▸ **Supplied material**:
BEGIN

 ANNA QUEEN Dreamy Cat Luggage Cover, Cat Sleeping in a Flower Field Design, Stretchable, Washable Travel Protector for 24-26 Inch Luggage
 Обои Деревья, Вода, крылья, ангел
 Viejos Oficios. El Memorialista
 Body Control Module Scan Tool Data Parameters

END
BEGIN

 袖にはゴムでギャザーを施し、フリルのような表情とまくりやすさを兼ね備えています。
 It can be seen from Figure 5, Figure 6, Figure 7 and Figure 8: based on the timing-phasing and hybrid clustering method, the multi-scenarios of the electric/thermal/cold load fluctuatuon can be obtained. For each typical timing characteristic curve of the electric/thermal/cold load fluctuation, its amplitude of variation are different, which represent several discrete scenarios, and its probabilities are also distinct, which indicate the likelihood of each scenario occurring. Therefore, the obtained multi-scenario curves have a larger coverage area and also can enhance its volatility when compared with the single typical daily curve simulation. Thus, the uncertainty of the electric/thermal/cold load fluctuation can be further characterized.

END

Retype word for word everything in the listing above from the line that holds "ANNA QUEEN Dreamy" down to the line that holds "Body Control Module". Keep both end lines and leave out the rest.

 ANNA QUEEN Dreamy Cat Luggage Cover, Cat Sleeping in a Flower Field Design, Stretchable, Washable Travel Protector for 24-26 Inch Luggage
 Обои Деревья, Вода, крылья, ангел
 Viejos Oficios. El Memorialista
 Body Control Module Scan Tool Data Parameters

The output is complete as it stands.